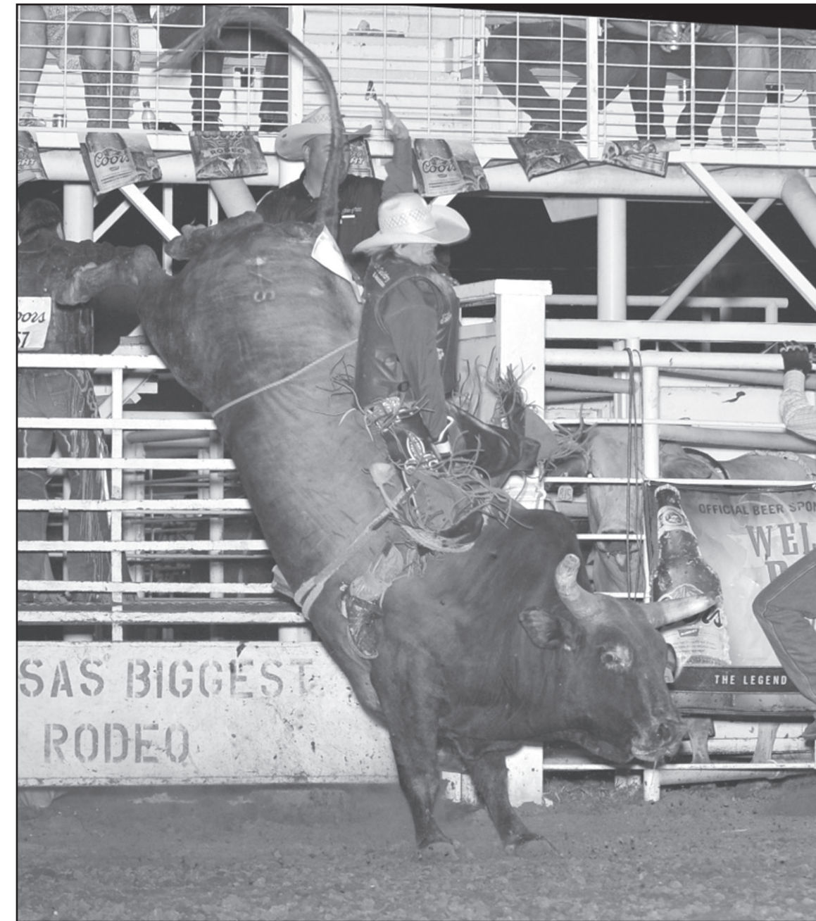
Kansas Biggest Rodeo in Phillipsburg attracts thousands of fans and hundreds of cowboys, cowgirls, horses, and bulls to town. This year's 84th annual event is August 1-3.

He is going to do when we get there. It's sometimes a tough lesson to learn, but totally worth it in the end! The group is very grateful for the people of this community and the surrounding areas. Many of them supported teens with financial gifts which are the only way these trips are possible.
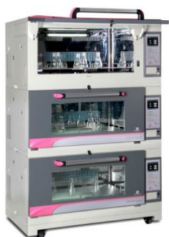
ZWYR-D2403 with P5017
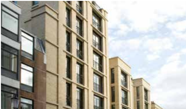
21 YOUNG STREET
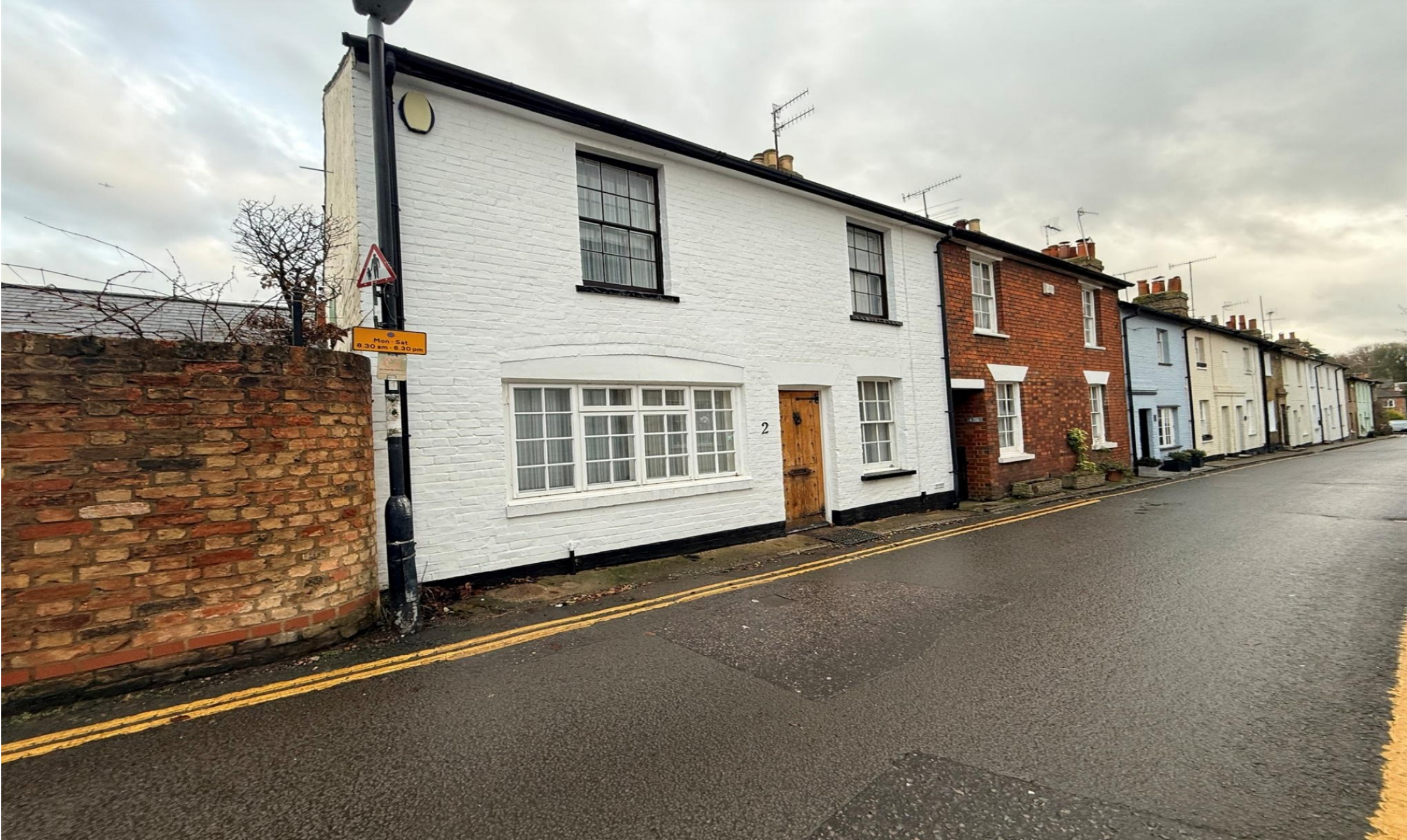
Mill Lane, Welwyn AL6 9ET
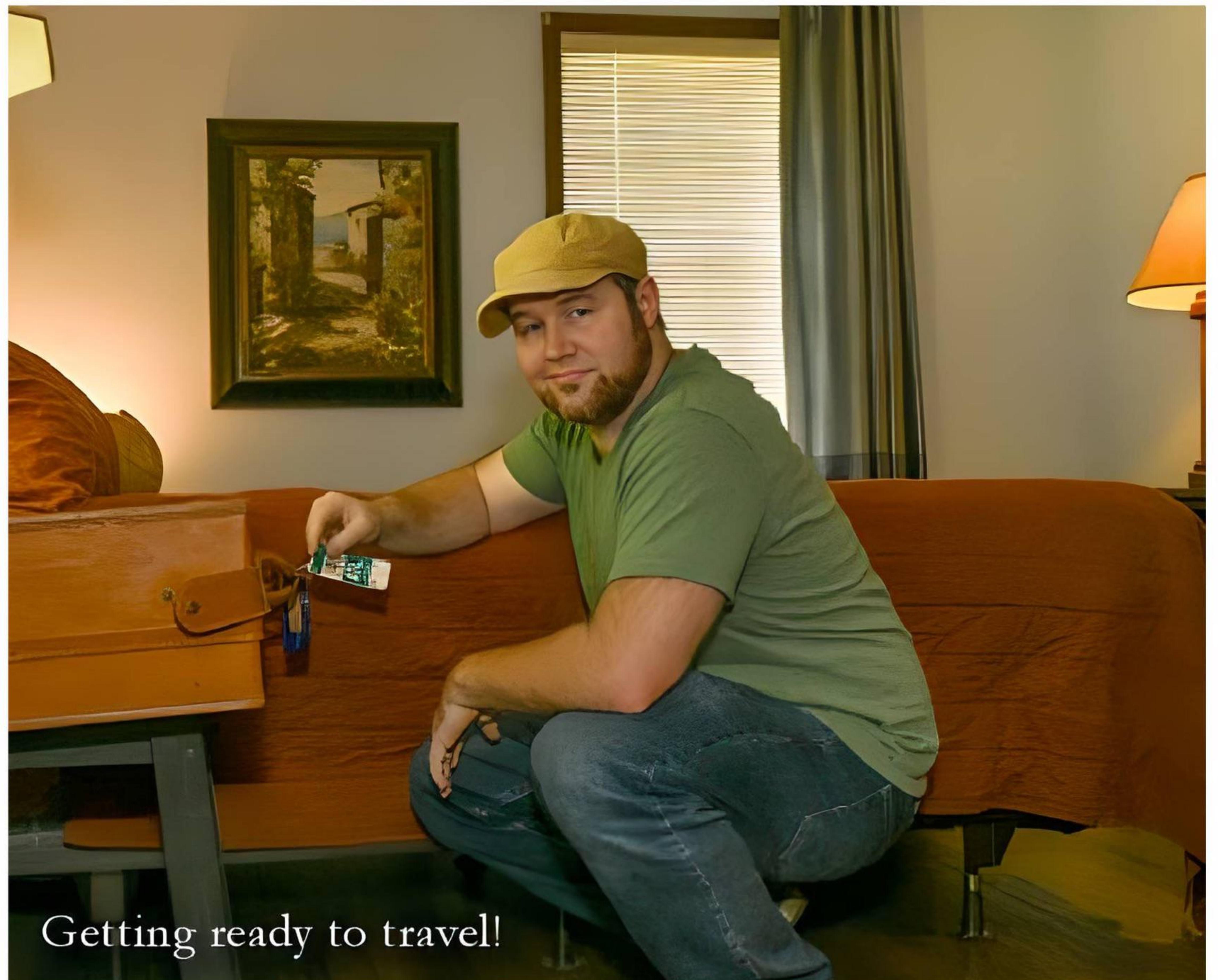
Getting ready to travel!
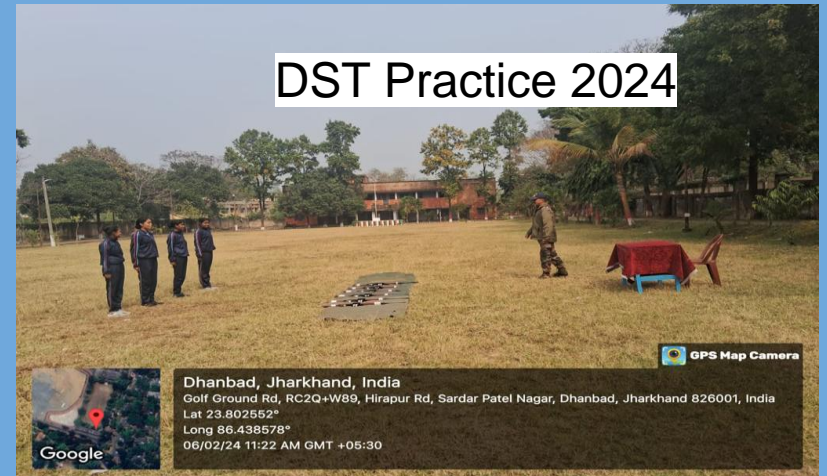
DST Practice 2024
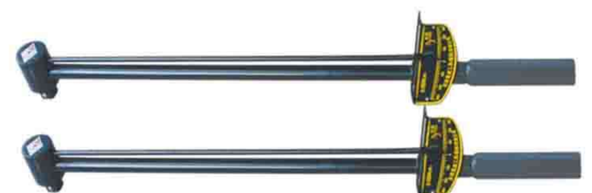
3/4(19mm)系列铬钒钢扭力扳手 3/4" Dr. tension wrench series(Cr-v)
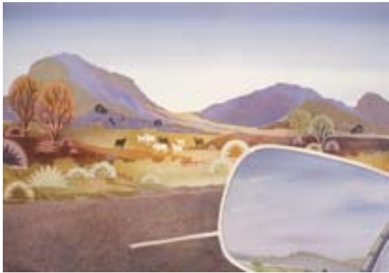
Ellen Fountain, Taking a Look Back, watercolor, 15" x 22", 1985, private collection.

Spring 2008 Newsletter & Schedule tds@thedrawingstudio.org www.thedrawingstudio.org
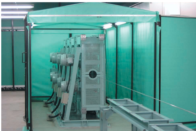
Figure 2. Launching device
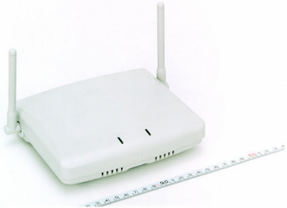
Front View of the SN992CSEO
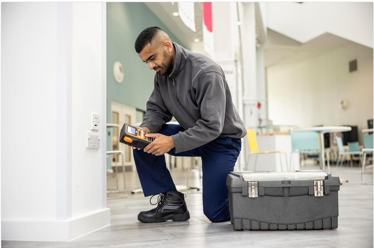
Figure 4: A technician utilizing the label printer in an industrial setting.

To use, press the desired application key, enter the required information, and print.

---

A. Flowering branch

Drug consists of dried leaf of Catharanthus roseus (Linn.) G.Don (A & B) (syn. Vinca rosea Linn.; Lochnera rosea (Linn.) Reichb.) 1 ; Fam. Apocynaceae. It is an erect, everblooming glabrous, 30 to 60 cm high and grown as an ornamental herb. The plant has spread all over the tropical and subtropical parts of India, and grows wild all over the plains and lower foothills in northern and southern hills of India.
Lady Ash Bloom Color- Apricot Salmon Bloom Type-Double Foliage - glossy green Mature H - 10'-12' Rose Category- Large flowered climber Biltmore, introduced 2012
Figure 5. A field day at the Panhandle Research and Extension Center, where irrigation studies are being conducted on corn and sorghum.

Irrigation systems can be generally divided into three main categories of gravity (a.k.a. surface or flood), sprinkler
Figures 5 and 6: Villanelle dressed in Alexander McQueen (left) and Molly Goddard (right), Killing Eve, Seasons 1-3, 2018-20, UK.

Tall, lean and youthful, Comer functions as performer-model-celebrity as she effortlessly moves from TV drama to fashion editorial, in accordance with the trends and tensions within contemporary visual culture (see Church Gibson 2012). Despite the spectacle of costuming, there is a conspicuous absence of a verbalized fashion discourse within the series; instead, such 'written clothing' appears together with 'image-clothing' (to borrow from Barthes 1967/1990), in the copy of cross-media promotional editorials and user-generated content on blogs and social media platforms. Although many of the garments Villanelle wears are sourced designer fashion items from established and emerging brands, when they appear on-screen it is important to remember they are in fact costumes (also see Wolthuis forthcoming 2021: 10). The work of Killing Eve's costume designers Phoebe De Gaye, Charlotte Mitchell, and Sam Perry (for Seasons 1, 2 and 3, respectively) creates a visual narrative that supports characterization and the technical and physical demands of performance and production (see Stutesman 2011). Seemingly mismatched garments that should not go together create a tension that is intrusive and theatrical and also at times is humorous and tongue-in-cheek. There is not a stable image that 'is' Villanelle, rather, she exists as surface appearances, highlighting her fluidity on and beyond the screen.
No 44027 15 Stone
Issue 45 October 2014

▶ **WORK TO BE COMPLETED**
Check each line of the records for the word "series", and show the lines that contain it.

▶ **OUTPUT FOR THIS EXERCISE**
3/4(19mm)系列铬钒钢扭力扳手 3/4" Dr. tension wrench series(Cr-v)
Tall, lean and youthful, Comer functions as performer-model-celebrity as she effortlessly moves from TV drama to fashion editorial, in accordance with the trends and tensions within contemporary visual culture (see Church Gibson 2012). Despite the spectacle of costuming, there is a conspicuous absence of a verbalized fashion discourse within the series; instead, such 'written clothing' appears together with 'image-clothing' (to borrow from Barthes 1967/1990), in the copy of cross-media promotional editorials and user-generated content on blogs and social media platforms. Although many of the garments Villanelle wears are sourced designer fashion items from established and emerging brands, when they appear on-screen it is important to remember they are in fact costumes (also see Wolthuis forthcoming 2021: 10). The work of Killing Eve's costume designers Phoebe De Gaye, Charlotte Mitchell, and Sam Perry (for Seasons 1, 2 and 3, respectively) creates a visual narrative that supports characterization and the technical and physical demands of performance and production (see Stutesman 2011). Seemingly mismatched garments that should not go together create a tension that is intrusive and theatrical and also at times is humorous and tongue-in-cheek. There is not a stable image that 'is' Villanelle, rather, she exists as surface appearances, highlighting her fluidity on and beyond the screen.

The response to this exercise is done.